Mein letzter Beitrag ist mittlerweile schon 5 Wochen her, Wahnsinn! Was ist denn in der Zeit so alles passiert...da komme ich doch grad ein bisschen ins Grübeln. Zu allererst: Ich habe Besuch bekommen!! Marlien war das Erste Wochenende im Oktober für 5 Tage bei mir. Sowohl sie allein (als ich in die Uni musste) als auch zusammen haben wir die Stadt besichtigt und ich hab ihr mein Leben hier gezeigt! Wie nicht anders zu erwarten haben wir sehr schöne Tage zusammen verbracht. Schön das du da warst! Wie sich im Nachhinein herausgestellt hat, haben wir auch die letzten Sommersonnenstunden genießen dürfen.

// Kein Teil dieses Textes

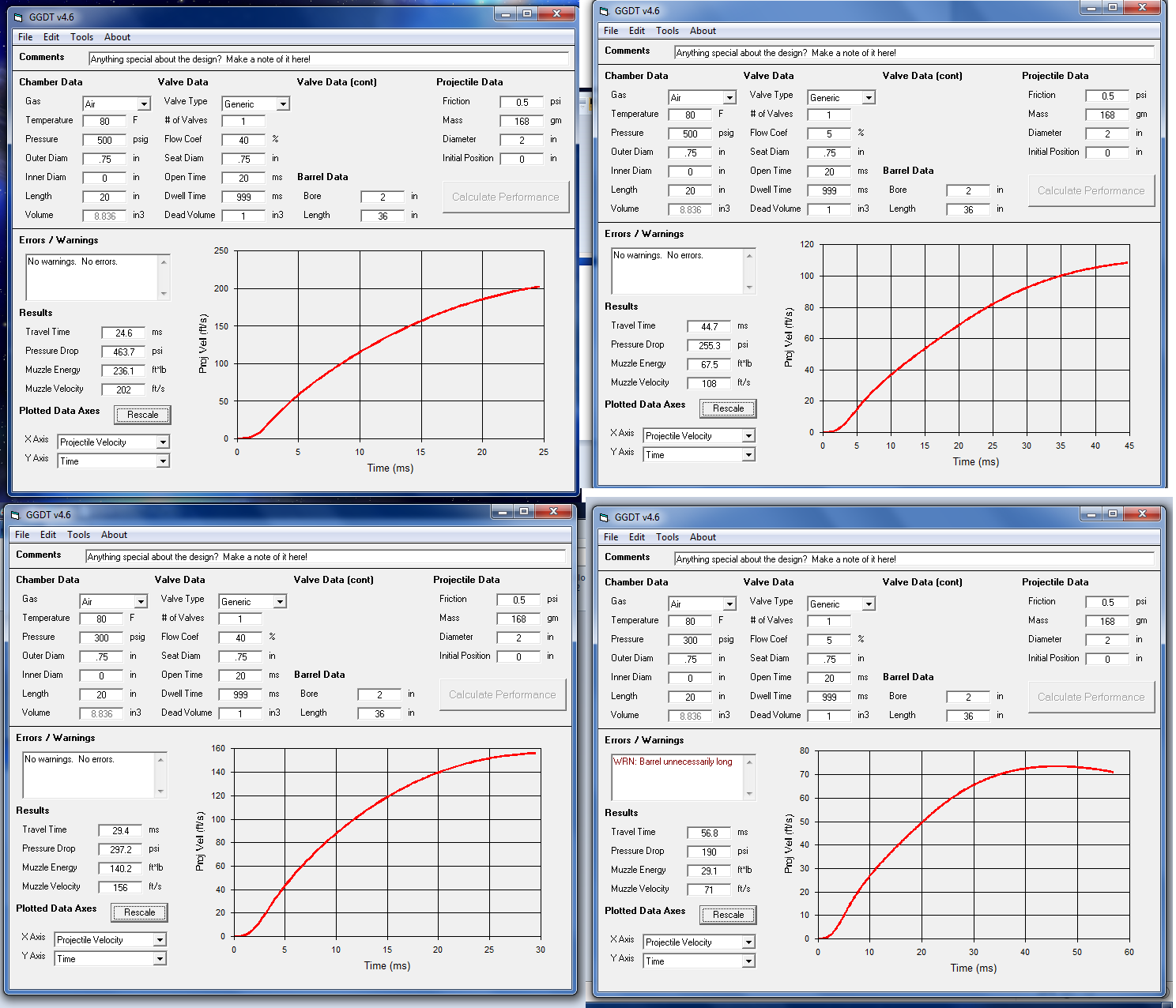 Could you post screenshots, there might be a parameter you're/we're missing.High-PSI wrote:The muzzle velocity goes up with a smaller diameter barrel that is longer (but the same volume). The velocity goes WAY up. Is tha because the air has a straighter shot into the valve?

Nach ihrer Abreise hat es hier doch tatsächlich angefangen zu Regen! Klingt komisch? Ist aber so! In den folgenden zwei Wochen sind die Temperaturen in der Nacht deutlich und Tagsüber ohne Sonne ein wenig gesunken. Am letzen Oktoberwochenende kamen dann auch endlich Mama und Oli zu besuch! Am Tag ihrer Ankunft hat es zwar wie aus Eimern geregnet und für das komplette Wochenende waren Wolken und Regenschauer vorausgesagt, doch letztendlich hatten wie NUR blauen Himmel und schönsten Sonnenschein! Natürlich habe ich auch dieses Mal Touri-Guide gespielt und hab den beiden einen Einblick in meinen Alltag und meinen neuen Lebensabschnitt verschaffen können. Wir sind tagsüber immer so viel herumgelaufen, dass wir trotz der Kaffeepausen, Abends nach Tapas und Wein ziemlich K.O. ins Bett gefallen sind. Ich habe die Tage mit euch sehr genossen!

Ansonsten gibt es Neuigkeiten was meine Mitbewohner angeht. Der Spanier (Dani) hat spontan entschieden sein Studium (im letzten Jahr) abzubrechen um durch Spanien zu reisen. So kam nun Clara in sein Zimmer, allerdings nur zur Zwischenmiete. Also ist Dani für "ein paar Tage" in unseren Salon gezogen, samt Katze. Kurz darauf hat er ein Jobangebot bekommen, dass er nicht abschlagen konnte. Das ganze hab ich nun gestern erst erfahren, da er generell nicht allzuviel erzählt. Somit fängt er nun doch nicht zu reisen an und ist nun seit 3 Wochen im Salon, was anfänglich nicht so gedacht war und wir anderen uns mit der Situation immer weniger wohlgefühlt haben. Natürlich zahlt er auch keine Miete mehr, was nicht fair ist. Naja ist unglücklich gelaufen bei ihm. Jetzt geht zieht er erstmal zu seiner Mutter zurück und wartet darauf das wenn ich Ausziehe, Clara in mein Zimmer zieht und er zurück in seins kann. Kompliziert....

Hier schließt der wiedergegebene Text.